I agree it's a nice model but wouldn't set N to a very high value.
Right, I agree with that. In the same way that going to a restaurant with 500 menu items is overwhelming.
Also, I worry a bit about the QA and tracking down bugs (most devs will always point at ostree). But happy to explore the possibility.
Remember that "rpm -qa" works - a tree is always composed of a set of packages. So you can determine what versions of packages you have, file bugs against them, etc. OSTree is just pre-computing on the build server what in the traditional package world happens per-client.
Oh, totally. Still, I would rather have a statement from Colin Walters that states it's in a good enough state for our use case. Leading-edge is good, broken edges aren't :)
Short answer: Yes, I think so. Longer answer: It varies a bit. Most of the core design has been implemented for ~1.5 years, and I and others have done many upgrades using it. The rpm-ostree layer being in a functional state is much newer, and things like the SELinux integration are quite new.

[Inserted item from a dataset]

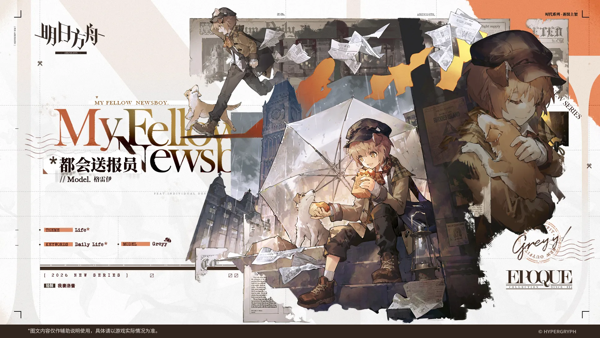 【活动奖励服饰】 //都会送报员 - 格雷伊 EPOQUE系列新款/都会送报员。格雷伊派送报刊时的着装。耐磨外衣配上厚实靴子,再裹一条格子围巾,就足以让他在穿越广场与小巷时无惧风雨。 _____________ 系好鞋带,按住帽檐,与紧紧跟随自己的幼兽伙伴同享生活的冷暖。

- The atomic model has some flexibility issues, and really assumes another container layer on top for actually using it for anything,
I would agree with this - except that a model I think many people will like is using the rpm-ostree tool to spin their own *internal* OSTree repositories from the Fedora package set plus their custom stuff.
Then they can replicate out their content from there.
A good example of this use case is the "coporate standard build" laptop deployment, where the user has no ability to add/remove stuff.
In my food analogy, traditional RPM delivery is like a grocery store, and OSTree is more like a restaurant (attached to the grocery store, using its ingredients).
This model then is like a corporate cafeteria that buys ingredients from the upstream grocery store, and creates their own food, likely reusing recipies from the restaurant, and adding their own ingredients.
Which we do, and that technology is called Fedora! ;) But sure, why not do Fedora < ostree < Docker. Can't hurt to staple the blood-smeared edges, right? :)
=)
One last question: even with ostree, we'd still create the image using ImageFactory/Anaconda, right?
So rpm-ostree also contains code to make .qcow disks. It's not as flexible as Anaconda, e.g. the partition layout, bootloader, etc. is hardcoded:
Right now, Anaconda has no idea about OSTree. But this is a very high priority for me.